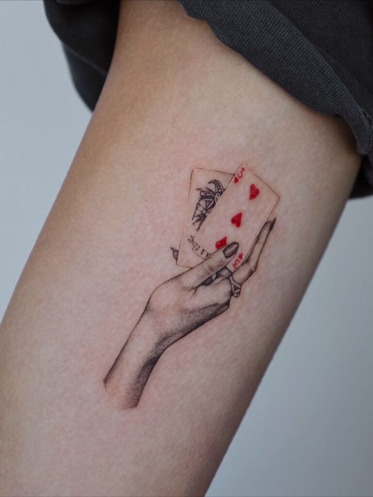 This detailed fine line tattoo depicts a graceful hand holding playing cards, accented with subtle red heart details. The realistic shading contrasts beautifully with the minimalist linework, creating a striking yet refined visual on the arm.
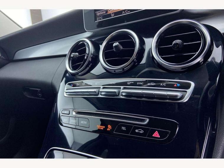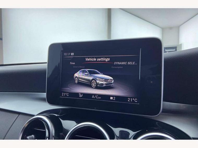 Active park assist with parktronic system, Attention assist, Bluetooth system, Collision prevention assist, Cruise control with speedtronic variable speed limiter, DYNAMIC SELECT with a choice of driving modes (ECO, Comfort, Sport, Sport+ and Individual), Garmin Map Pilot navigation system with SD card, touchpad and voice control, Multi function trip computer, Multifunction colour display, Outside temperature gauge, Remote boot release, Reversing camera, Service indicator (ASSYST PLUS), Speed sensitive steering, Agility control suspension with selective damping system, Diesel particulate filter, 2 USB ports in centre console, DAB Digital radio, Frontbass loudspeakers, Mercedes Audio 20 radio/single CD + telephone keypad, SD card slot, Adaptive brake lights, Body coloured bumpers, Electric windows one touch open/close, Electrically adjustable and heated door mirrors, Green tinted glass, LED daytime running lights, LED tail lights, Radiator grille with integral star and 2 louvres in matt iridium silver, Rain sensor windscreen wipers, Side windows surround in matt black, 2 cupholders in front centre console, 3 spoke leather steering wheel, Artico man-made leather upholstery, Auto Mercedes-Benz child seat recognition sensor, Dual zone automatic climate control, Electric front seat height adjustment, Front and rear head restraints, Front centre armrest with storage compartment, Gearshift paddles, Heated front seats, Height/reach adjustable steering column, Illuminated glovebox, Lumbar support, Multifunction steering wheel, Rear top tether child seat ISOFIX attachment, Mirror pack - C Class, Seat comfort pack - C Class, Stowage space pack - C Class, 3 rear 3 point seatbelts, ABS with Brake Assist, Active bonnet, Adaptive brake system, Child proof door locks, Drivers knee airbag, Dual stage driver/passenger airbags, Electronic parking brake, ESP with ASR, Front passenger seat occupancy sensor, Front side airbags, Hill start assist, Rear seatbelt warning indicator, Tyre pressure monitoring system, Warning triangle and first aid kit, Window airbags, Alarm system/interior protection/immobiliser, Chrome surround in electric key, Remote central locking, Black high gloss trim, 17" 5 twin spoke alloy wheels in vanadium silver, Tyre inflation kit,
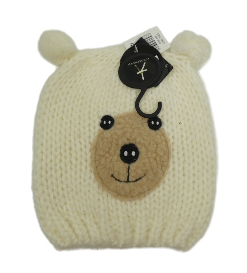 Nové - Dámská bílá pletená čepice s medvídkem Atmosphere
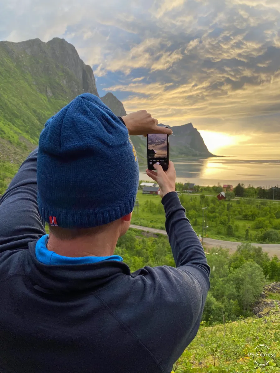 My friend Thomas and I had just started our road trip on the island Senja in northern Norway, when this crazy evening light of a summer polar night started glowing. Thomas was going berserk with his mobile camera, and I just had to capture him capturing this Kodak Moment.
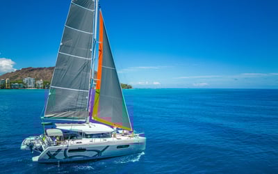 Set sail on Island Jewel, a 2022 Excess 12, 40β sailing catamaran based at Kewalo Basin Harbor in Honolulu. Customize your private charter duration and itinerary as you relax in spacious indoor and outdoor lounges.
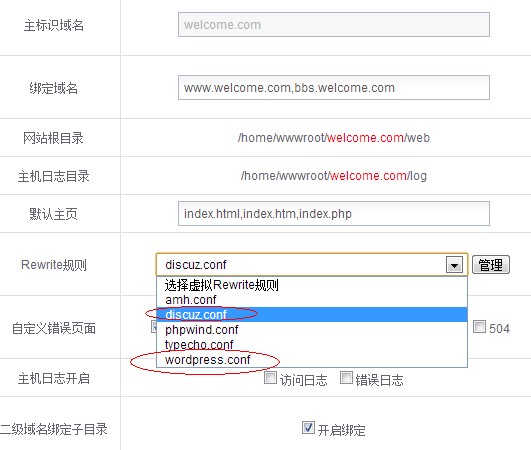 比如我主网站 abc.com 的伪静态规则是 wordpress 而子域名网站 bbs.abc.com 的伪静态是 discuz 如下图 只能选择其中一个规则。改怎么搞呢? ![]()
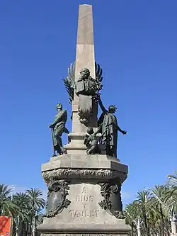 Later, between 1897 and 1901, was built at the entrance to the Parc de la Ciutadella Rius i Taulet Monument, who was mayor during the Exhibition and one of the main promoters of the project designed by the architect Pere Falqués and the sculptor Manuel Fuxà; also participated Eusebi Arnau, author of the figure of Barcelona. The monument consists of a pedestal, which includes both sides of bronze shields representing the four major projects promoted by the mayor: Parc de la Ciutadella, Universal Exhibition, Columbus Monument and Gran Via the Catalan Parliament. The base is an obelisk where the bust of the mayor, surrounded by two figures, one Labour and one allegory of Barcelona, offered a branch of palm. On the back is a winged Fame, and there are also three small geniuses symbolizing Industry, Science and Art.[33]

Task to complete – Retype word for word all the material given above, and keep the pictures out.

Problem solution –
 This detailed fine line tattoo depicts a graceful hand holding playing cards, accented with subtle red heart details. The realistic shading contrasts beautifully with the minimalist linework, creating a striking yet refined visual on the arm.
 Active park assist with parktronic system, Attention assist, Bluetooth system, Collision prevention assist, Cruise control with speedtronic variable speed limiter, DYNAMIC SELECT with a choice of driving modes (ECO, Comfort, Sport, Sport+ and Individual), Garmin Map Pilot navigation system with SD card, touchpad and voice control, Multi function trip computer, Multifunction colour display, Outside temperature gauge, Remote boot release, Reversing camera, Service indicator (ASSYST PLUS), Speed sensitive steering, Agility control suspension with selective damping system, Diesel particulate filter, 2 USB ports in centre console, DAB Digital radio, Frontbass loudspeakers, Mercedes Audio 20 radio/single CD + telephone keypad, SD card slot, Adaptive brake lights, Body coloured bumpers, Electric windows one touch open/close, Electrically adjustable and heated door mirrors, Green tinted glass, LED daytime running lights, LED tail lights, Radiator grille with integral star and 2 louvres in matt iridium silver, Rain sensor windscreen wipers, Side windows surround in matt black, 2 cupholders in front centre console, 3 spoke leather steering wheel, Artico man-made leather upholstery, Auto Mercedes-Benz child seat recognition sensor, Dual zone automatic climate control, Electric front seat height adjustment, Front and rear head restraints, Front centre armrest with storage compartment, Gearshift paddles, Heated front seats, Height/reach adjustable steering column, Illuminated glovebox, Lumbar support, Multifunction steering wheel, Rear top tether child seat ISOFIX attachment, Mirror pack - C Class, Seat comfort pack - C Class, Stowage space pack - C Class, 3 rear 3 point seatbelts, ABS with Brake Assist, Active bonnet, Adaptive brake system, Child proof door locks, Drivers knee airbag, Dual stage driver/passenger airbags, Electronic parking brake, ESP with ASR, Front passenger seat occupancy sensor, Front side airbags, Hill start assist, Rear seatbelt warning indicator, Tyre pressure monitoring system, Warning triangle and first aid kit, Window airbags, Alarm system/interior protection/immobiliser, Chrome surround in electric key, Remote central locking, Black high gloss trim, 17" 5 twin spoke alloy wheels in vanadium silver, Tyre inflation kit,
 Nové - Dámská bílá pletená čepice s medvídkem Atmosphere
 My friend Thomas and I had just started our road trip on the island Senja in northern Norway, when this crazy evening light of a summer polar night started glowing. Thomas was going berserk with his mobile camera, and I just had to capture him capturing this Kodak Moment.
 Set sail on Island Jewel, a 2022 Excess 12, 40β sailing catamaran based at Kewalo Basin Harbor in Honolulu. Customize your private charter duration and itinerary as you relax in spacious indoor and outdoor lounges.
 比如我主网站 abc.com 的伪静态规则是 wordpress 而子域名网站 bbs.abc.com 的伪静态是 discuz 如下图 只能选择其中一个规则。改怎么搞呢? ![]()
 Later, between 1897 and 1901, was built at the entrance to the Parc de la Ciutadella Rius i Taulet Monument, who was mayor during the Exhibition and one of the main promoters of the project designed by the architect Pere Falqués and the sculptor Manuel Fuxà; also participated Eusebi Arnau, author of the figure of Barcelona. The monument consists of a pedestal, which includes both sides of bronze shields representing the four major projects promoted by the mayor: Parc de la Ciutadella, Universal Exhibition, Columbus Monument and Gran Via the Catalan Parliament. The base is an obelisk where the bust of the mayor, surrounded by two figures, one Labour and one allegory of Barcelona, offered a branch of palm. On the back is a winged Fame, and there are also three small geniuses symbolizing Industry, Science and Art.[33]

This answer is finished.